_Activity:_ Omit the pictures and return every entry exactly as written.

Start of Available data

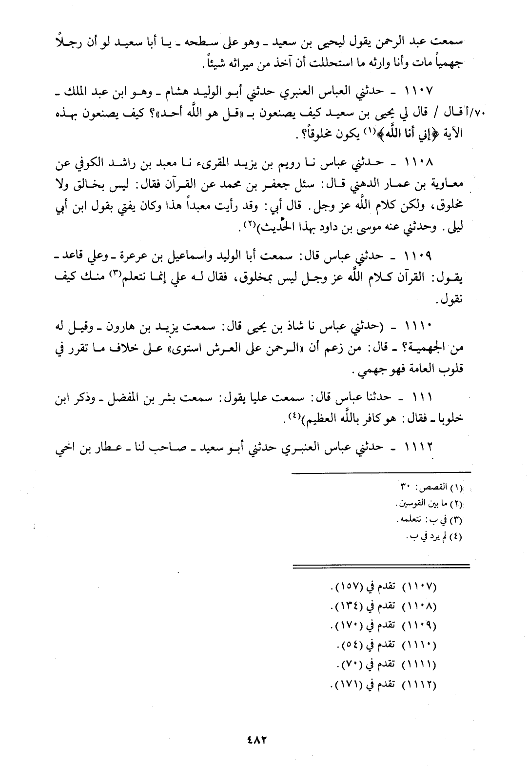 1107 - حَدَّثَنِي الْعَبَّاسُ الْعَنْبَرِيُّ، حَدَّثَنِي أَبُو الْوَلِيدِ هِشَامٌ وَهُوَ ابْنُ عَبْدِ الْمَلِكِ، قَالَ: قَالَ لِي يَحْيَى بْنُ سَعِيدٍ: §كَيْفَ يَصْنَعُونَ بِقُلْ هُوَ اللَّهُ أَحَدٌ كَيْفَ يَصْنَعُونَ بِهَذِهِ الْآيَةِ؟ {إِنِّي أَنَا اللَّهُ} [القصص: 30] يَكُونُ مَخْلُوقًا؟ "
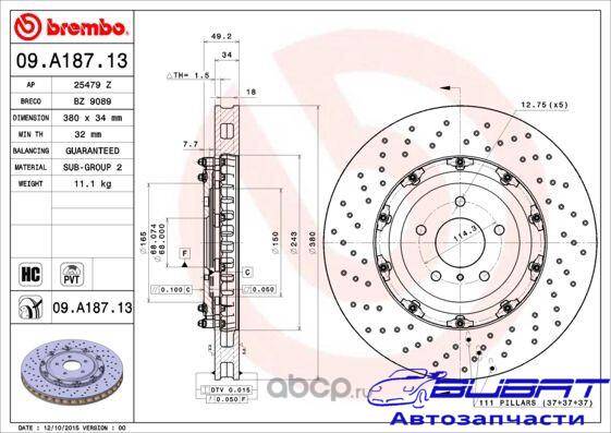 Интернет-магазин «Виват» предлагает купить запчасть артикул «09.A187.13» производства «Brembo». Чтобы осуществить покупку, необходимо выбрать наиболее интересующую Вас позицию. Разные поставщики предлагают различные условия покупки деталей:
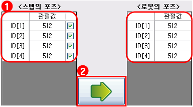 ID 목록 콤보박스를 클릭하면 현재 바꿀 수 있는 다이나믹셀의 ID를 볼 수 있습니다. 바꾸고자 하는 ID를 선택하고 적용 버튼을 누르십시오.
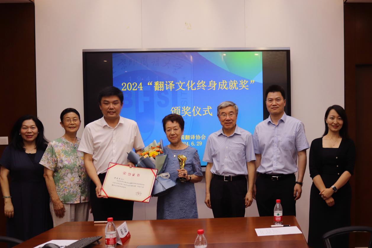 中国翻译协会领导为2024年“翻译文化终身成就奖”获得者李英男颁奖
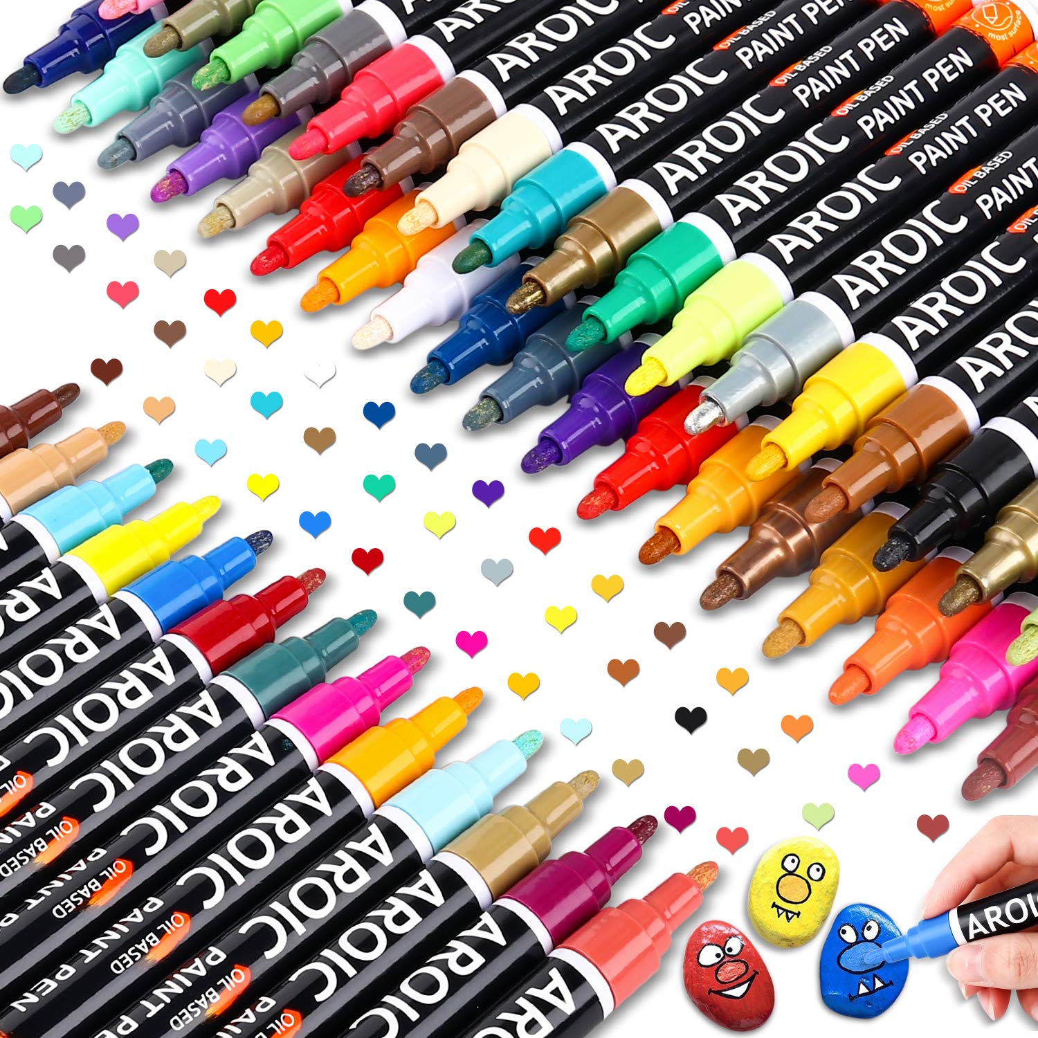 AROIC Paint Pens for Rock Painting - 48 Pack.Write On Anything! Paint pens for Rock, Wood, Metal, Plastic, Glass, Canvas, Ceramic & More! Low-Odor, Oil-Based, Medium-Tip Paint Markers
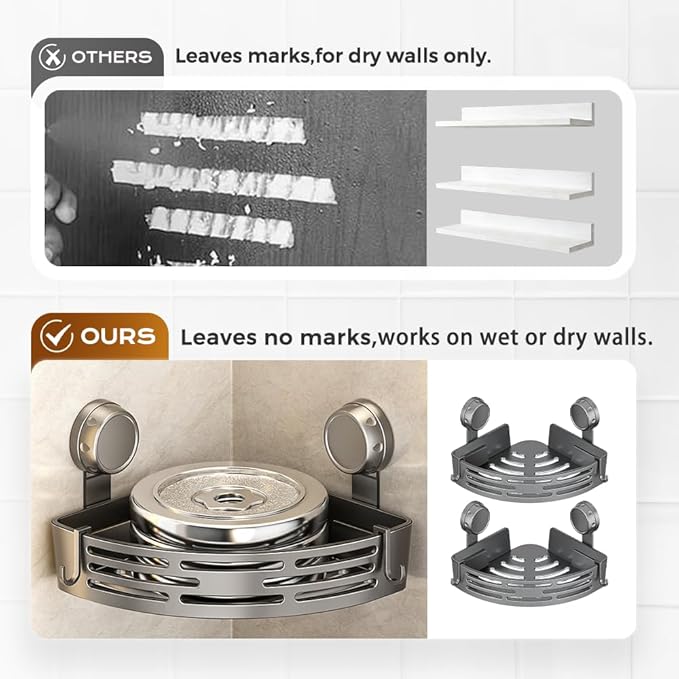 - 【Effortless No-Drill Installation & Secure Mounting】 Choose between sturdy suction cup mounting or permanent drilling to suit your space. The strong suction cups provide a reliable, tool-free hold on smooth surfaces like ceramic tile, glass, or marble—ideal for a no-drill shower caddy that fits perfectly in 90-degree corners.
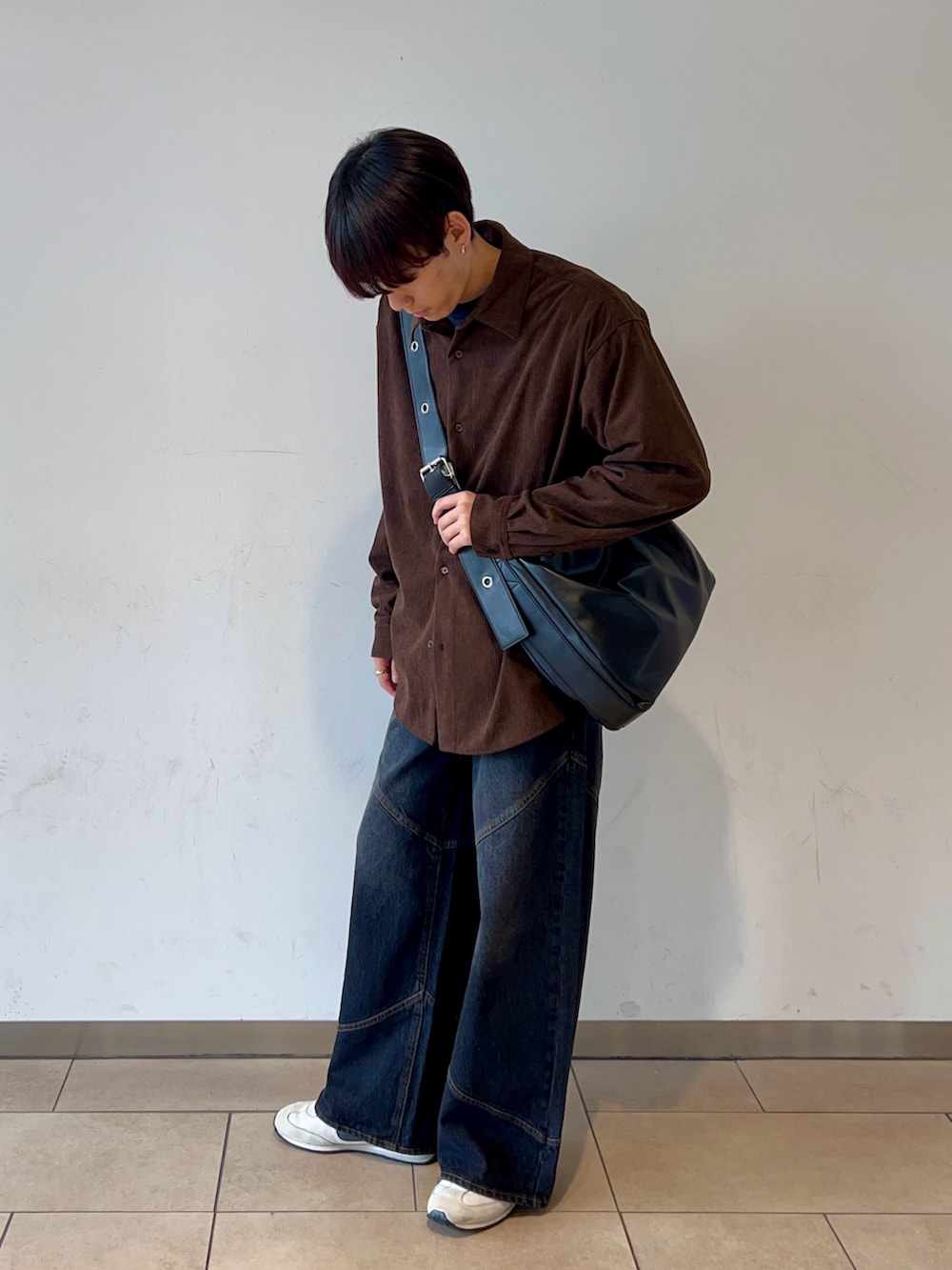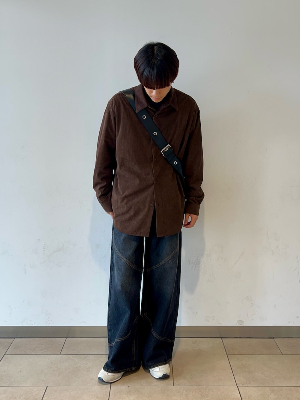 カジュアルな印象のコーデュロイシャツは落ち着いた色味のブラウンで、カジュアル感と大人っぽさが両立されています!🐿

End of Available data

_Written solution:_
 1107 - حَدَّثَنِي الْعَبَّاسُ الْعَنْبَرِيُّ، حَدَّثَنِي أَبُو الْوَلِيدِ هِشَامٌ وَهُوَ ابْنُ عَبْدِ الْمَلِكِ، قَالَ: قَالَ لِي يَحْيَى بْنُ سَعِيدٍ: §كَيْفَ يَصْنَعُونَ بِقُلْ هُوَ اللَّهُ أَحَدٌ كَيْفَ يَصْنَعُونَ بِهَذِهِ الْآيَةِ؟ {إِنِّي أَنَا اللَّهُ} [القصص: 30] يَكُونُ مَخْلُوقًا؟ "
 Интернет-магазин «Виват» предлагает купить запчасть артикул «09.A187.13» производства «Brembo». Чтобы осуществить покупку, необходимо выбрать наиболее интересующую Вас позицию. Разные поставщики предлагают различные условия покупки деталей:
 ID 목록 콤보박스를 클릭하면 현재 바꿀 수 있는 다이나믹셀의 ID를 볼 수 있습니다. 바꾸고자 하는 ID를 선택하고 적용 버튼을 누르십시오.
 中国翻译协会领导为2024年“翻译文化终身成就奖”获得者李英男颁奖
 AROIC Paint Pens for Rock Painting - 48 Pack.Write On Anything! Paint pens for Rock, Wood, Metal, Plastic, Glass, Canvas, Ceramic & More! Low-Odor, Oil-Based, Medium-Tip Paint Markers
 - 【Effortless No-Drill Installation & Secure Mounting】 Choose between sturdy suction cup mounting or permanent drilling to suit your space. The strong suction cups provide a reliable, tool-free hold on smooth surfaces like ceramic tile, glass, or marble—ideal for a no-drill shower caddy that fits perfectly in 90-degree corners.
 カジュアルな印象のコーデュロイシャツは落ち着いた色味のブラウンで、カジュアル感と大人っぽさが両立されています!🐿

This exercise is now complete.